Stored data entries:
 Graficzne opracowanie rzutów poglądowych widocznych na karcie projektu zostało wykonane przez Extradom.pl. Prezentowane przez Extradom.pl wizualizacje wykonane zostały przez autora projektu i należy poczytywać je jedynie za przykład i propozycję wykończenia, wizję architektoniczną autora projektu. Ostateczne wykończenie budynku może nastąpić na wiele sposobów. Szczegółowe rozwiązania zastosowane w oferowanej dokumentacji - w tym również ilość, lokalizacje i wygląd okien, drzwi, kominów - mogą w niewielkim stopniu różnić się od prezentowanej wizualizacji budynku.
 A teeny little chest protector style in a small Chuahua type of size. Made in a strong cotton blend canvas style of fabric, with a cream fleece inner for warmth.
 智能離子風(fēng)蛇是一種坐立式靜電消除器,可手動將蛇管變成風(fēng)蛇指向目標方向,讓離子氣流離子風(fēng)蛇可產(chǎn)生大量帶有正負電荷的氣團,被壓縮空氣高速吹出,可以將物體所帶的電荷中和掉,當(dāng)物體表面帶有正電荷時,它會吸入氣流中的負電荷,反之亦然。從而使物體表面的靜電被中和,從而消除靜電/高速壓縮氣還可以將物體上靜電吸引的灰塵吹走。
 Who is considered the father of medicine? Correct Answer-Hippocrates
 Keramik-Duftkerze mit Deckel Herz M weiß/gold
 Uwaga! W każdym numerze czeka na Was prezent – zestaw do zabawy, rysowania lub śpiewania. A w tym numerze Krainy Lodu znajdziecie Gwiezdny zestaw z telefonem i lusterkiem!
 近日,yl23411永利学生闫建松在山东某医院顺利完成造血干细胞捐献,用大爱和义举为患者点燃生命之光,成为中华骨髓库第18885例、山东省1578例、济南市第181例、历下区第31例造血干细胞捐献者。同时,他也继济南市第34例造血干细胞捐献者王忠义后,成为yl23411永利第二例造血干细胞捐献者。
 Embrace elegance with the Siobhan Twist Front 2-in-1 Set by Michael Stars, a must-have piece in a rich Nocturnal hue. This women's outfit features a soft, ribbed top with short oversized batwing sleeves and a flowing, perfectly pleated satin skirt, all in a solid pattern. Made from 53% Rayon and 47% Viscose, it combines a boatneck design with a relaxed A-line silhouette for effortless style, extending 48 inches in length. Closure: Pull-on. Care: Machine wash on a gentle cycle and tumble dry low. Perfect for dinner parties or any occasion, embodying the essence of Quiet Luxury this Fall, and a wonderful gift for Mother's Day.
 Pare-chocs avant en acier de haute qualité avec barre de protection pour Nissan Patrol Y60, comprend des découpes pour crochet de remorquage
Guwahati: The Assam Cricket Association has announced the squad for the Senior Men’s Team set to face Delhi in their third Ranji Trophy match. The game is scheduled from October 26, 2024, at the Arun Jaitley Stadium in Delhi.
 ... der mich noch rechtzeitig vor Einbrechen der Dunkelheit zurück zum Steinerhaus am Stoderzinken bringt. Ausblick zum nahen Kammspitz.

PROBLEM DETAILS
An exact copy of all the entries above is what is needed.

WRITTEN REPLY
 Graficzne opracowanie rzutów poglądowych widocznych na karcie projektu zostało wykonane przez Extradom.pl. Prezentowane przez Extradom.pl wizualizacje wykonane zostały przez autora projektu i należy poczytywać je jedynie za przykład i propozycję wykończenia, wizję architektoniczną autora projektu. Ostateczne wykończenie budynku może nastąpić na wiele sposobów. Szczegółowe rozwiązania zastosowane w oferowanej dokumentacji - w tym również ilość, lokalizacje i wygląd okien, drzwi, kominów - mogą w niewielkim stopniu różnić się od prezentowanej wizualizacji budynku.
 A teeny little chest protector style in a small Chuahua type of size. Made in a strong cotton blend canvas style of fabric, with a cream fleece inner for warmth.
 智能離子風(fēng)蛇是一種坐立式靜電消除器,可手動將蛇管變成風(fēng)蛇指向目標方向,讓離子氣流離子風(fēng)蛇可產(chǎn)生大量帶有正負電荷的氣團,被壓縮空氣高速吹出,可以將物體所帶的電荷中和掉,當(dāng)物體表面帶有正電荷時,它會吸入氣流中的負電荷,反之亦然。從而使物體表面的靜電被中和,從而消除靜電/高速壓縮氣還可以將物體上靜電吸引的灰塵吹走。
 Who is considered the father of medicine? Correct Answer-Hippocrates
 Keramik-Duftkerze mit Deckel Herz M weiß/gold
 Uwaga! W każdym numerze czeka na Was prezent – zestaw do zabawy, rysowania lub śpiewania. A w tym numerze Krainy Lodu znajdziecie Gwiezdny zestaw z telefonem i lusterkiem!
 近日,yl23411永利学生闫建松在山东某医院顺利完成造血干细胞捐献,用大爱和义举为患者点燃生命之光,成为中华骨髓库第18885例、山东省1578例、济南市第181例、历下区第31例造血干细胞捐献者。同时,他也继济南市第34例造血干细胞捐献者王忠义后,成为yl23411永利第二例造血干细胞捐献者。
 Embrace elegance with the Siobhan Twist Front 2-in-1 Set by Michael Stars, a must-have piece in a rich Nocturnal hue. This women's outfit features a soft, ribbed top with short oversized batwing sleeves and a flowing, perfectly pleated satin skirt, all in a solid pattern. Made from 53% Rayon and 47% Viscose, it combines a boatneck design with a relaxed A-line silhouette for effortless style, extending 48 inches in length. Closure: Pull-on. Care: Machine wash on a gentle cycle and tumble dry low. Perfect for dinner parties or any occasion, embodying the essence of Quiet Luxury this Fall, and a wonderful gift for Mother's Day.
 Pare-chocs avant en acier de haute qualité avec barre de protection pour Nissan Patrol Y60, comprend des découpes pour crochet de remorquage
Guwahati: The Assam Cricket Association has announced the squad for the Senior Men’s Team set to face Delhi in their third Ranji Trophy match. The game is scheduled from October 26, 2024, at the Arun Jaitley Stadium in Delhi.
 ... der mich noch rechtzeitig vor Einbrechen der Dunkelheit zurück zum Steinerhaus am Stoderzinken bringt. Ausblick zum nahen Kammspitz.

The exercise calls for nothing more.